What is the difference between "++$variable" for "$variable++"?

This example you put up is not very good because the variable is always printed after the event that manipulates the variable.

A better example would be like this:

$i = 0;
while ($i < 3) {
    echo $i++;
}

This prints:

0
1
2

And yet:

$i = 0;
while ($i < 3) {
    echo ++$i;
}

This prints:

1
2
3

That is, the first form increments the variable after using the current value, and the second increments before using the value.

These are increment types, called preincrement ++$i and post-increment $i++.

In the for it is not clear as it is always executed after the execution of the block.

A practical example to see the difference would be:

$i = 1;
echo $i; // 1
echo $i++; // 1
echo $i; // 2
echo ++$i; //3

You will only find difference if you use this within an expression.
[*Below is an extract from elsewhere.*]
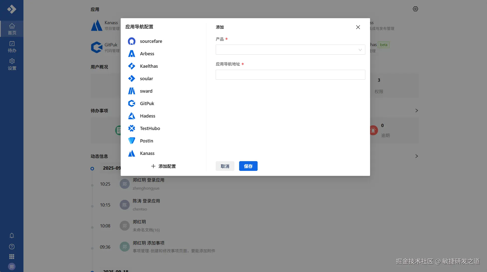 通过配置产品链接,soular可以直接跳转到Tiklab旗下的所有应用。点击首页->应用配置->填写配置信息->保存

These are pre- and post-increment operators. They are operators that in addition to adding one to the variable’s current value, it changes its value, that is, it is also an assignment operator, producing a side effect.

++$i

is the same as

($i += 1)

or

($i = $i + 1)

Already

$i++

is the same as

$i
($i += 1)

or

$i
($i = $i + 1)

When it is used in isolation, in a statement (which is the case where you used), it makes no difference to use one or the other. But when it is in an expression, the preincrement ($++x) will increment, assign the new value to the variable and it is this value that will be the result of the operation that will be considered in the part of the expression where it was used, while the post-increment ($x++) consider the original value of the variable for use in the expression and only then make the increment, then in the end the value of the variable will be the same, but the value used in the expression will be different:

$i = 0;
echo $i; //imprime 0
echo $i++; //imprime 0. i agora vale 1, o incremento ocorreu depois de usar o valor de i
echo ++$i; // imprime 2 já que primeiro ele fez o incremento, depois usou o valor

In theory the 6 codes below do the same thing, but note that in for and in the first while increment is being used as statement, and it makes no difference, but in the second while when it’s being used as expression, it makes a difference.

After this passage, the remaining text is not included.